Saccharin was discovered in 1879 by Constantine Fahlberg, while working in the laboratory of Ira Remsen, quite by accident as were most other sweeteners. While working in the lab, he spilled a chemical on his hand. Later while eating dinner, Fahlberg noticed a more sweetness in the bread he was eating. He traced the sweetness back to the chemical, later named saccharin, by tasting various residues on his hands and clothes (unsanitary conditions) and finally chemicals in the lab (not a safe lab practice). Saccharin is sold under the Sweet'N Low, Sugar Twin names.
By 1907, saccharin was used as a replacement for sugar in foods for diabetics. Since it is not metabolized in the body for energy, saccharin is classified as a noncaloric sweetener. By the 1960s it was used on a massive scale in the "diet" soft drink industry. Saccharin is the foundation for many low-calorie and sugar-free products around the world. It is used in table top sweeteners, baked goods, jams, chewing gum, canned fruit, candy, dessert toppings and salad dressings.
Saccharin also is one of the most studied food ingredients. Although the overall evidence indicates saccharin is safe for human consumption, there has been controversy over its safety in the past. The basis for the controversy rests primarily on findings of bladder tumors in some male rats fed high doses of sodium saccharin. Extensive research on human populations has established no association between saccharin and cancer. In fact, more than 30 human studies have been completed and support saccharin's safety at human levels of consumption.

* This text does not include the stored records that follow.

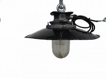 Outdoor lamp in black metal with glass lamp. Possibility of fixing it directly to the ceiling with an extension chain, not supplied. Working fixture. E27 bulb socket.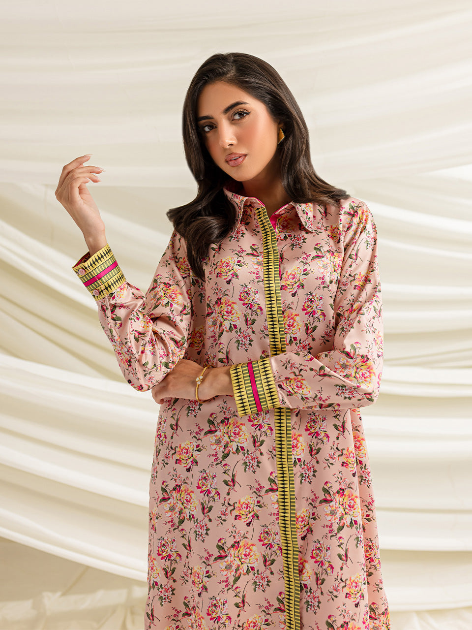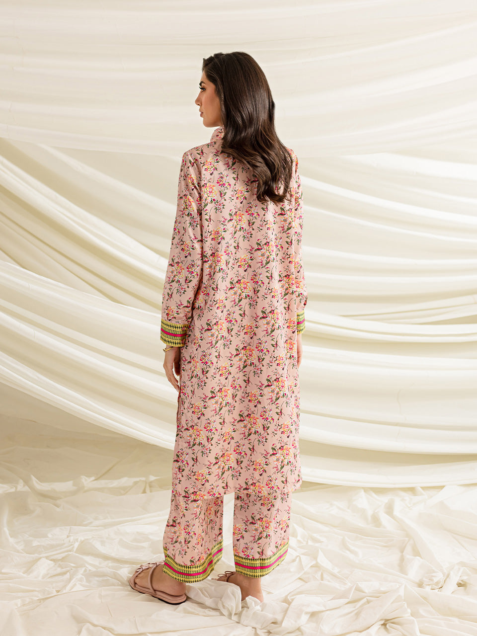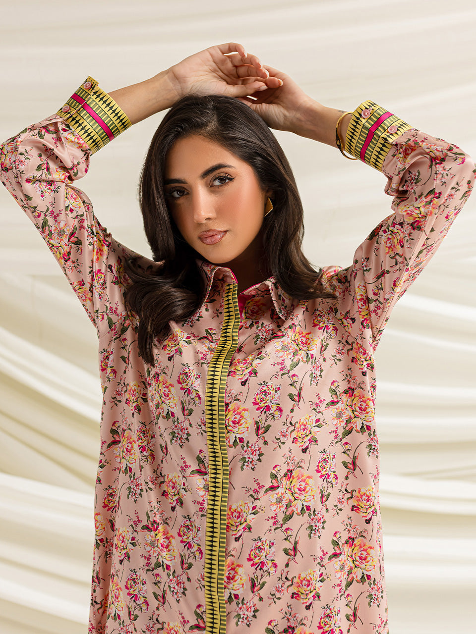 Description: This pink silk outfit features a soft floral print with vibrant striped trims on a tunic and wide-legged pants. The intricate detailing and flowy fabric offer a blend of traditional elegance and modern flair.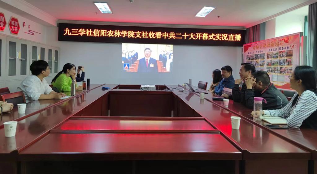 10月16日上午10时,中国共产党第二十次全国代表大会在北京人民大会堂隆重召开。九三学社beat365在线平台官网支社组织支社社员在学校“九三社员之家”集体收听收看中共二十大开幕式实况直播。九三学社信阳市委副主委、农林学院支社主委王学增,支社副主委郑承轶,支社委员罗婧、李发明、马巍、社员代表魏锦辉、郭云丽、彭爽等十余人到会,九三学社信阳市委委员、科技支社主委、农林学院中心实验室主任喻艳红博士应邀参会。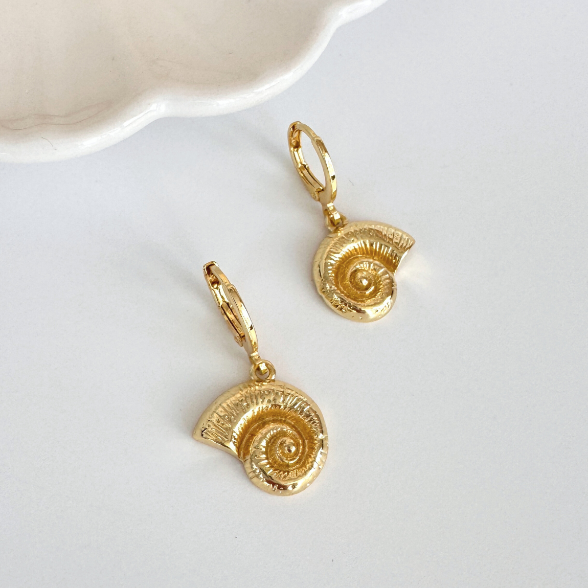 Aros colgantes con diseño de caracola, enchapados en oro 18K. Un detalle elegante y luminoso, inspirado en el mar.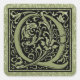 Charming decorative letter Q initial monogram calligraphy style typography first letter in black over vintage sage green - avocado green book lining with off-white Ginkgo biloba leaves.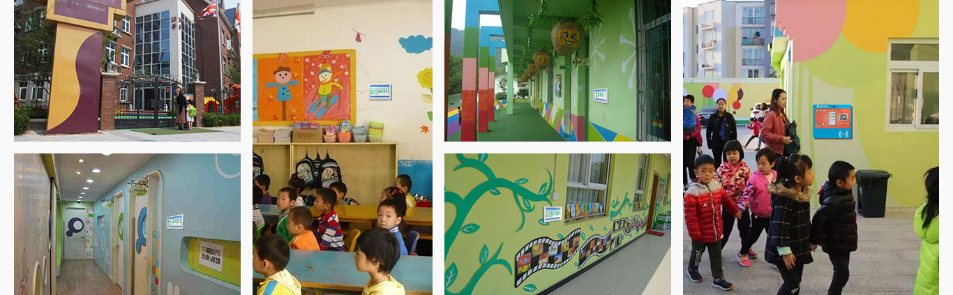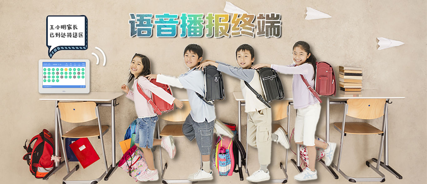 在家长接送等待区安装一台或多台多媒体签到机,每个教室安装一个播报终端机。家长到达学校后,使用
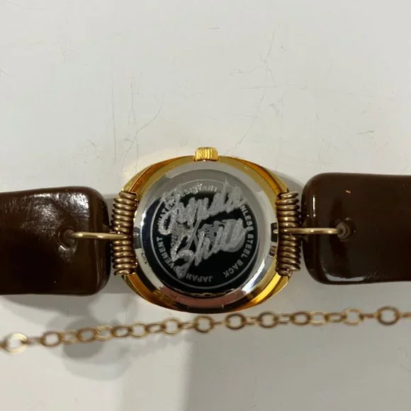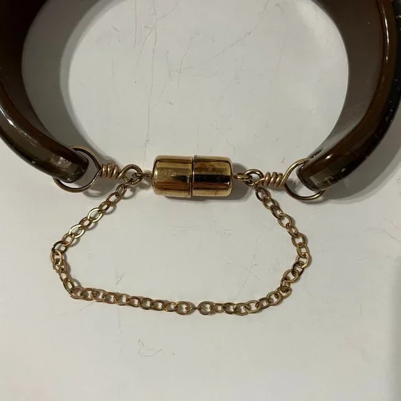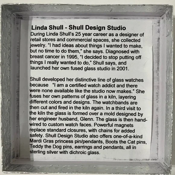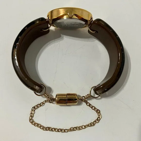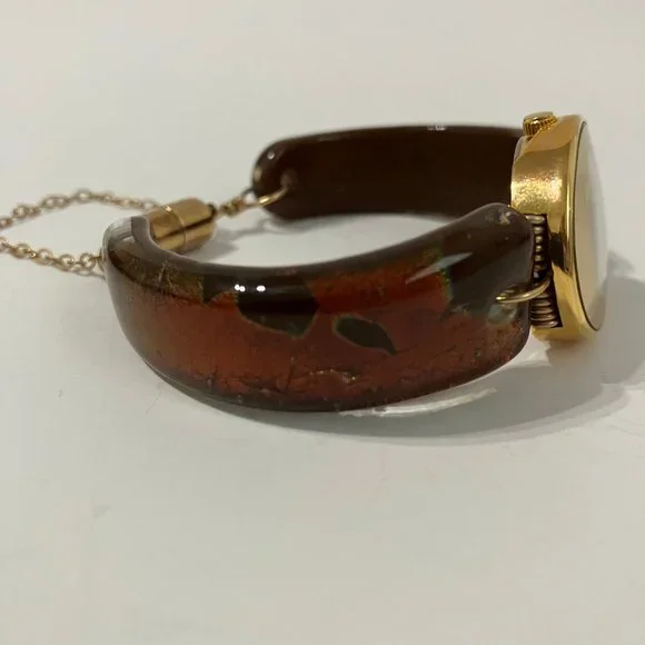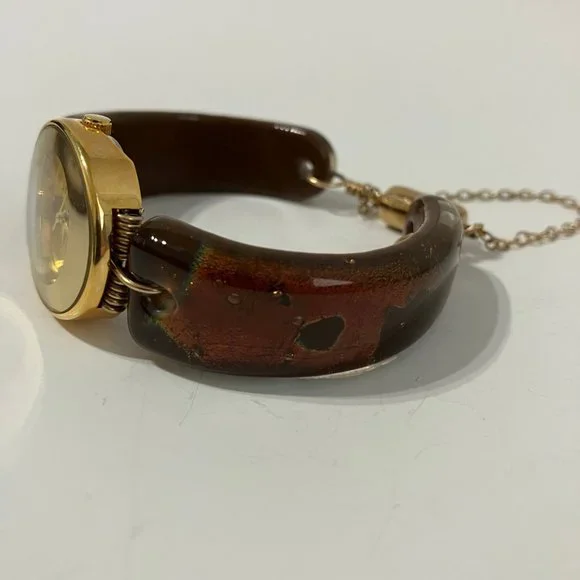 Mocha glass handcrafted wristwatch.Oval face in gold metal.Shades of brown fused dichroic glass band that changes color in the light.A must have for any wardrobe.Magnetic closure for easy on and off, and a safety chain provides added security.Medium size (6 ½"), face approx. 1” wide.New in box. A new battery will be installed at time of sale.104 800 051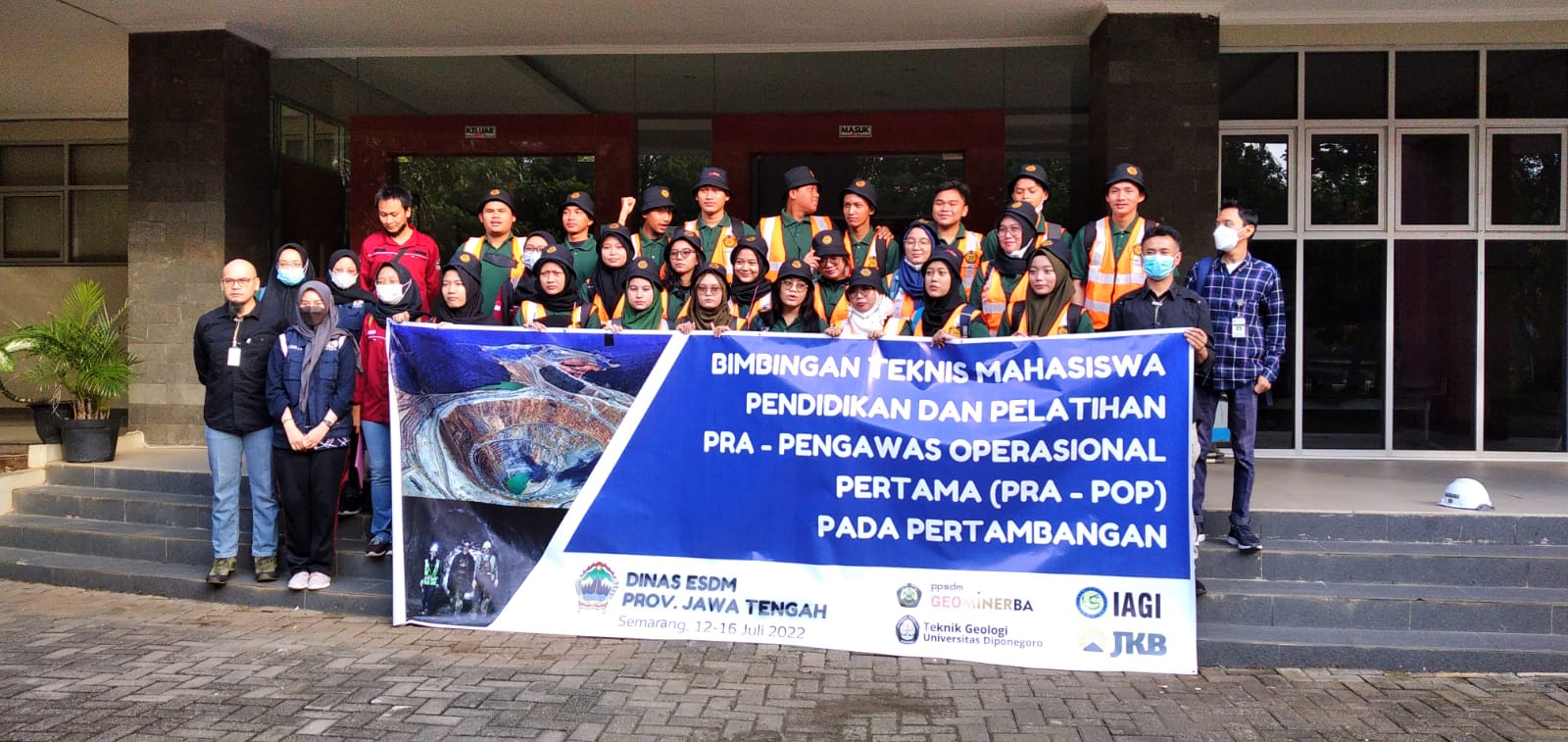 In order to provide technical knowledge for graduates needed in the professional, the Department of Geological Engineering, Faculty of Engineering, Universitas Diponegoro provide education and training for students. Thanks to the facilities from the Department of Energy and Mineral Resources of Central Java Province for Fiscal Year 2022, the Pre-First Operational Supervisor Training (Pre-POP) was held for our students on 12-16 July 2022.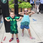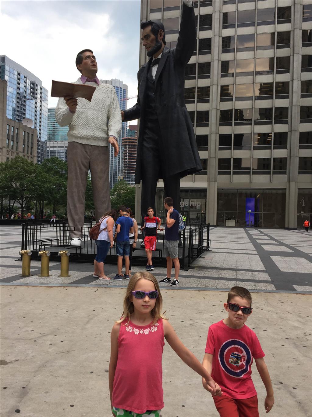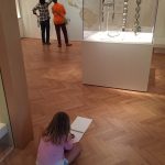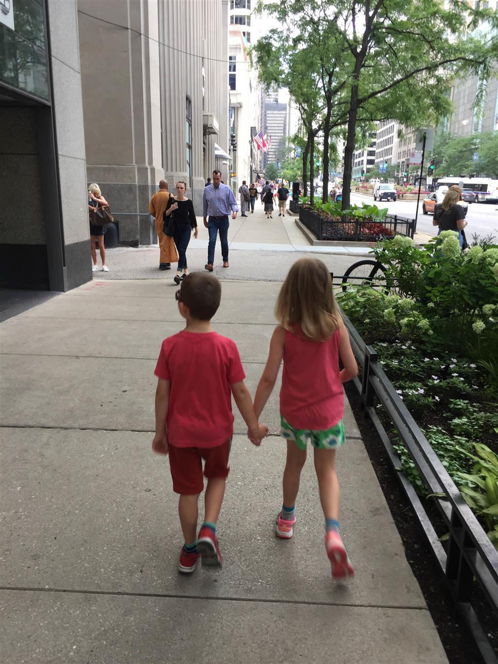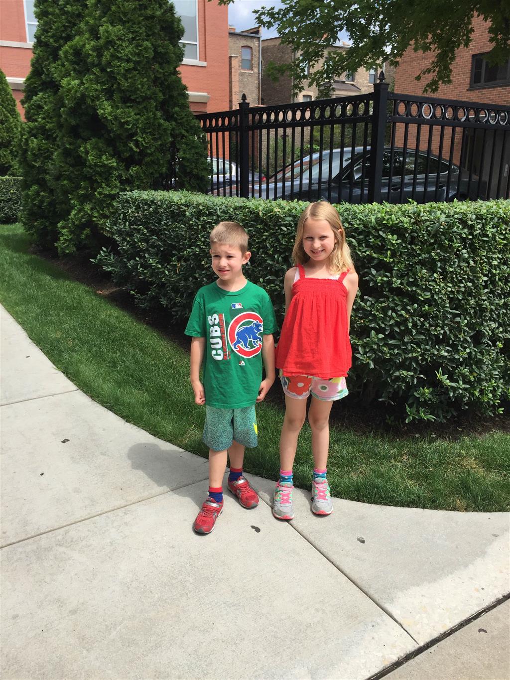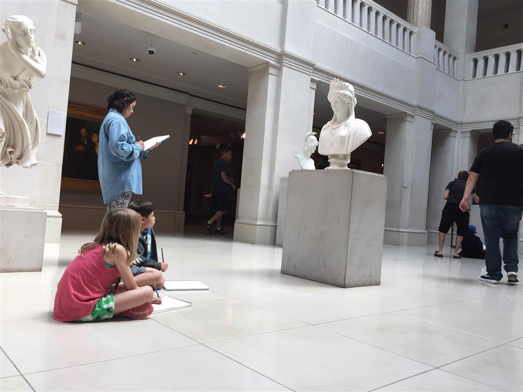 This week, Eleanor and Henry and Mom all had art camp together at the Chicago Art Institute. It was a pretty neat class – they got to visit various rooms in the museum, they did lots of skethcing, both free choice and of particular exhibits, and also got to create some of their own art. The camp was just in the afternoon, so they got to come downtown early and meet Dad for lunch one day, which was a fun treat. On the weekend, we visited with Eleanor’s friend Lyla who invited us over to her house while her street was doing a block party. We also took some time to just relax at home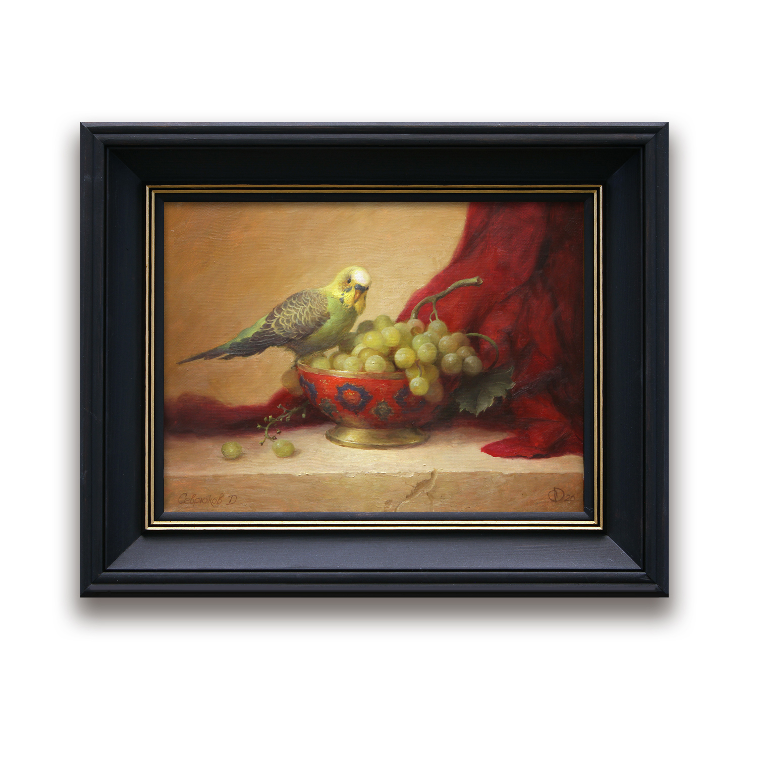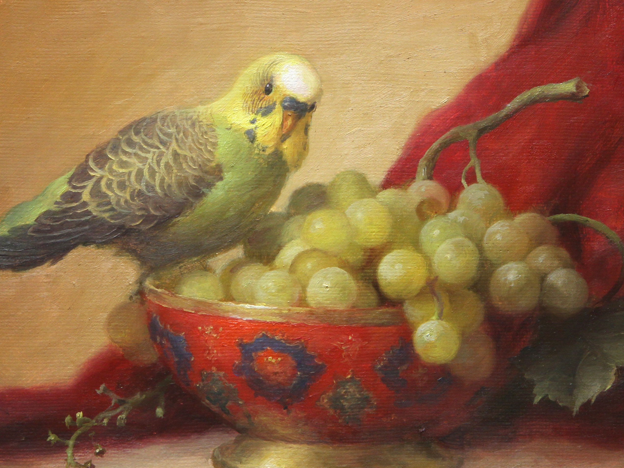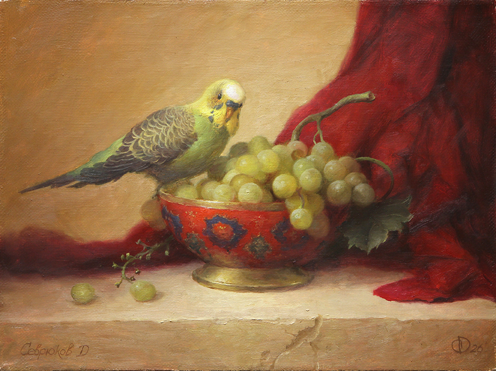 На картине Дмитрия Севрюкова изображён натюрморт: в центре — яркая чаша с орнаментом, наполненная гроздью зелёного винограда. На краю чаши сидит попугай с жёлто-зелёным оперением, будто заинтересованный ягодами. Несколько виноградин рассыпаны на переднем плане. Справа эффектно драпируется насыщенная красная ткань, создающая контраст с тёплым бежевым фоном. Композиция отличается вниманием к деталям и гармоничным сочетанием цветов.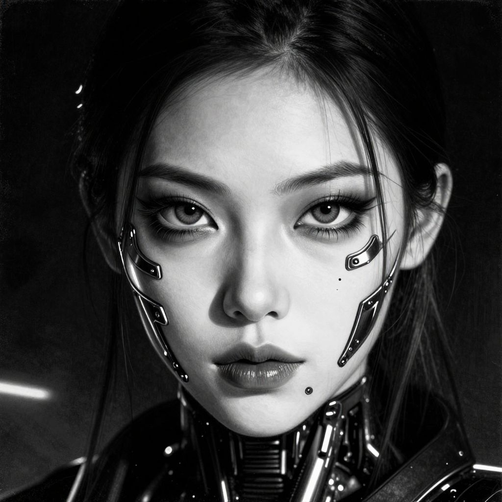 This is a highly detailed, black-and-white digital portrait of an East Asian woman with a futuristic, cyberpunk aesthetic. Her face is centered in the frame, with intense, wide-open eyes that have a metallic, reflective quality. Her straight, dark hair is parted in the middle and falls slightly over her shoulders. Her skin is smooth, with intricate, metallic patterns and lines on her cheeks, resembling cybernetic enhancements. She wears a high-collared, glossy black outfit that appears to be made of latex or similar material. The background is dark and indistinct, making her illuminated face and cybernetic features the focal point. The image has a high-contrast, grainy texture, enhancing the futuristic and dystopian feel.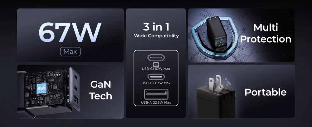 - USB-C2: 67W max supported protocols: PPS, PD3.0, QC3.0, QC2.0, SCP, FCP, Apple 2.4A, SAMSUNG 2.0A, BC1.2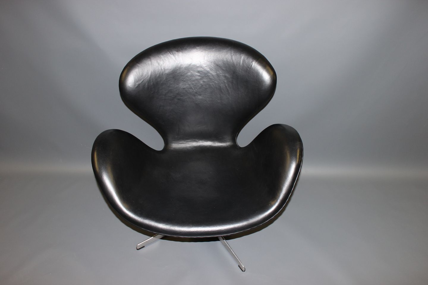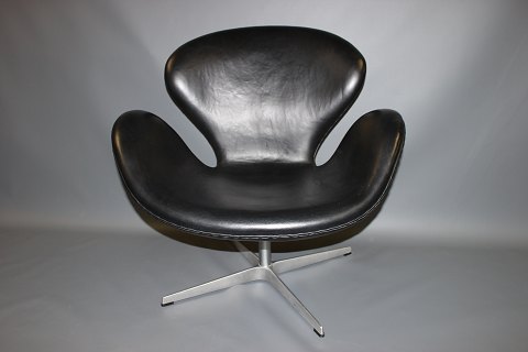 SoldRecliner model 3320 Swan chair designed by Arne Jacobsen with original black leather and plain turn has a great patina.

The reason why it tastes sweet is still unclear, but its shape must be correct to fit into specific receptors in the taste buds. Evidence for this comes from the fact that if the shape is modified slightly, say by changing the H on the nitrogen to a methyl, the new molecule no longer tastes sweet. It is also possible that the specific taste receptors it targets are peculiar to humans, since bees or butterflies, which normally crave the sweetness of nectar, do not treat it as a desirable substance.
Note: The model receptor site is this author's conception and is based only very loosely on theory and geometry of the molecules. It is only useful for students' initial conceptions of the fit of a molecule into a receptor site.
- Area (AH+): This area has hydrogens available to hydrogen bond to oxygen that is part of the sulfur group.
- Area (B -): This area has a partially negative oxygen available to hydrogen bond to the partially positive hydrogen of the amine group.
- Area (X): This area is more or less perpendicular to the other two areas interacts through hydrophobic or non-polar properties to the non-polar the benzene on the saccharin molecule.